Formal validation are perfect for when you know exactly what problems you're solving. Unless a business is offering a very specific solution like that, then it won't help them. If you're writing security software or low-level system controls or something. But if your customers aren't actually engineers themselves, formal validation is unnecessary and inefficient.
>There are plenty of open-source tools for using languages like TLA+ that work great besides!
Does your team know TLA+? Is it an efficient use of their time to learn it? Are a bunch of TLA+ beginners going to crank out properly written software?
They're good evrn for exploration if you're using formal specs. Reason is good ones knock out errors due to English ambiguity and inconsistencies. Z, Navy's SCR, B method, and Statecharts were all used for these purposes with success. Executable specifications did even better for exploration aspect.
Current research is taking it further with code generation from specs like AADL, UML, and especially SCADE/Esterel.
> Formal validation are perfect for when you know exactly what problems you're solving.
Or you're at the point where formal validation is a requirement.
There's nothing stopping one from using any of these tools as design tools. I'm working on a problem to check whether items delivered by a single producer on a FIFO queue with N workers can guarantee all work items will eventually be attended to. I could just write the code for that but I'll never prove the system works that way. The best one can do is gain confidence that for the prescribed scenarios it will work. You can get good coverage and use all of the tools we know to release something others may decide to use... but then you'll be fixing your errors after the fact when they are discovered and reported by your users. Or in the case of a system as large as AWS you may find that obscurity is no longer a comforting buffer... 1 in 100000 becomes a frequent occurrence.
update: There's nothing preventing you from only using formal methods on the critical parts of your system where a high degree of reliability is useful. One does not need to formally verify everything to gain the benefits.
> But if your customers aren't actually engineers themselves, formal validation is unnecessary and inefficient.
I think it depends on the difficulty of the problems you address with your software. If you're just sorting some lists or making system calls you might not want to bother. However if you want to guarantee consensus in the face of delays and partitions you'll need more than code to make any strong claims of efficacy. And if the public interest relies on your system I think it's necessary to serve them in the best capacity using the state of the art tools.
> Does your team know TLA+? Is it an efficient use of their time to learn it?

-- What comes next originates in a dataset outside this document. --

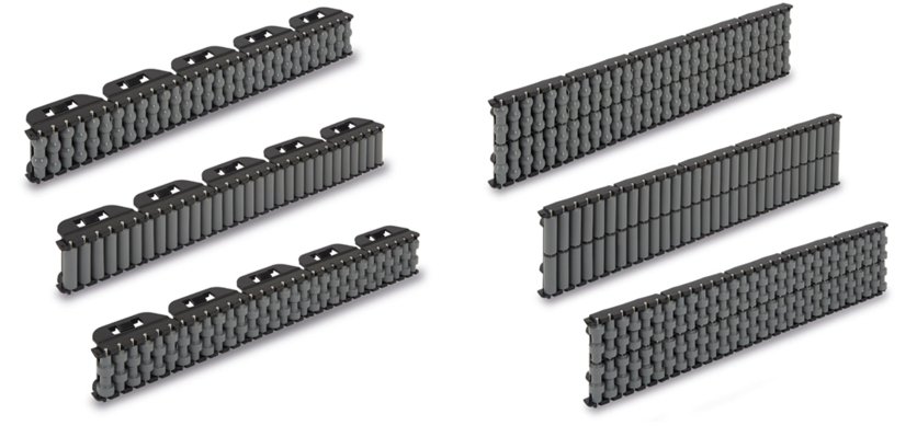 Naturalny kolor materiału nie pozostawia śladów na prowadzonych produktach, a oprawy ze stali nierdzewnej gwarantują wysoką odporność na korozję. Liniowe prowadnice boczne charakteryzują się wysoką odpornością na zużycie, a niski współczynnik tarcia sprawia, że są szczególnie przydatne w aplikacjach wymagających dużych prędkości przesuwu (Rys. 4).

No. They could pick it up in a couple of weeks if necessary. It is an efficient use of their time: fewer bugs at scale means less downtime and less time spent chasing errors that slipped through.
> Are a bunch of TLA+ beginners going to crank out properly written software?

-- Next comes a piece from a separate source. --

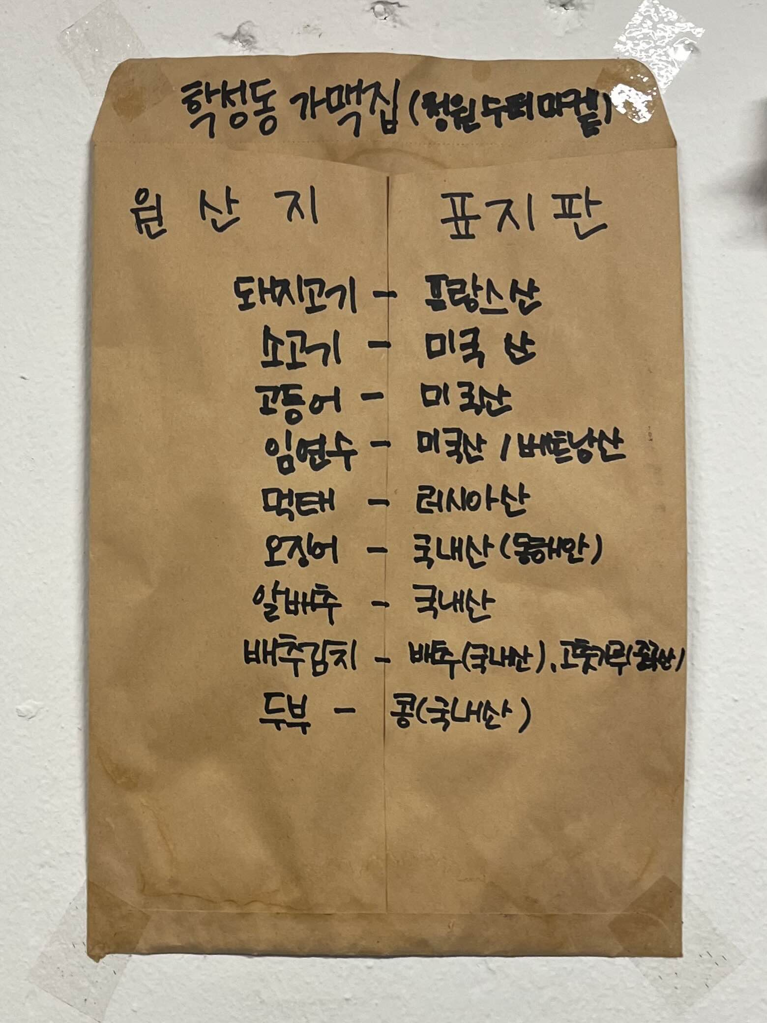 메뉴판과 원산지 표기마저 가맥집스러운 느낌입니다

Are a bunch of beginner programmers going to crank out properly written software? There are different levels of experience and skill on any team. With training and diligence even beginners can learn to adopt the skill and ability to recognize when and where to use high level specifications and how to abstract systems into mathematical models they can test and prove.
Until then I suppose we have to live in a world where security breaches are common and the recall rates on cars will continue to increase as unreliable software continues to cause failures, lives, etc.
> I could just write the code for that but I'll never prove the system works that way.
Or you could just prove from first principles, like we all learn in formal algorithm design theory.
The question is not whether proofs are valuable, the question is whether translating a system into TLA and using that proof checker is more reliable and saves you time over just attempting a proof directly.
Even if your TLA proof checks out, it may be a false positive because it doesn't accurately reflect your production code.
By all means write your proof whichever way you see fit.
What TLA+ and other languages give you is an automated theorem prover or model checked that usually is built on some form of temporal logic and predicate calculus. This is especially good at modelling multiple communicating processes. Taking a logical approach to discrete maths has a few benefits here.
> Even if your TLA proof checks out, it may be a false positive because it doesn't accurately reflect your production code.
This is something one needs to be concerned with when writing high-level, abstract specifications. There's no way yet that I know of where we can synthesize the program from the specification although I am aware of research in that regard. However we can still gain the benefit of well-defined invariants and pre/post-conditions that we can use in testing our implementation. For now your implementation will be separate from your spec but you gain insights from the spec you would not otherwise if you had only written code.
update as to whether it is an efficient use of time to use a model checker or automated theorem prover... Well I think the reason for their invention was to specifically to handle the tedious task of proofs in formal maths. Some operations are tedious and mechanical and computers are better suited to the task than humans.
One area I find interesting is languages with dependent type systems like Agda and Idris. It seems like we're not too far away from being able to model and prove our specifications directly in the type system alongside the program that implements it.
>There are plenty of open-source tools for using languages like TLA+ that work great besides!
Does your team know TLA+? Is it an efficient use of their time to learn it? Are a bunch of TLA+ beginners going to crank out properly written software?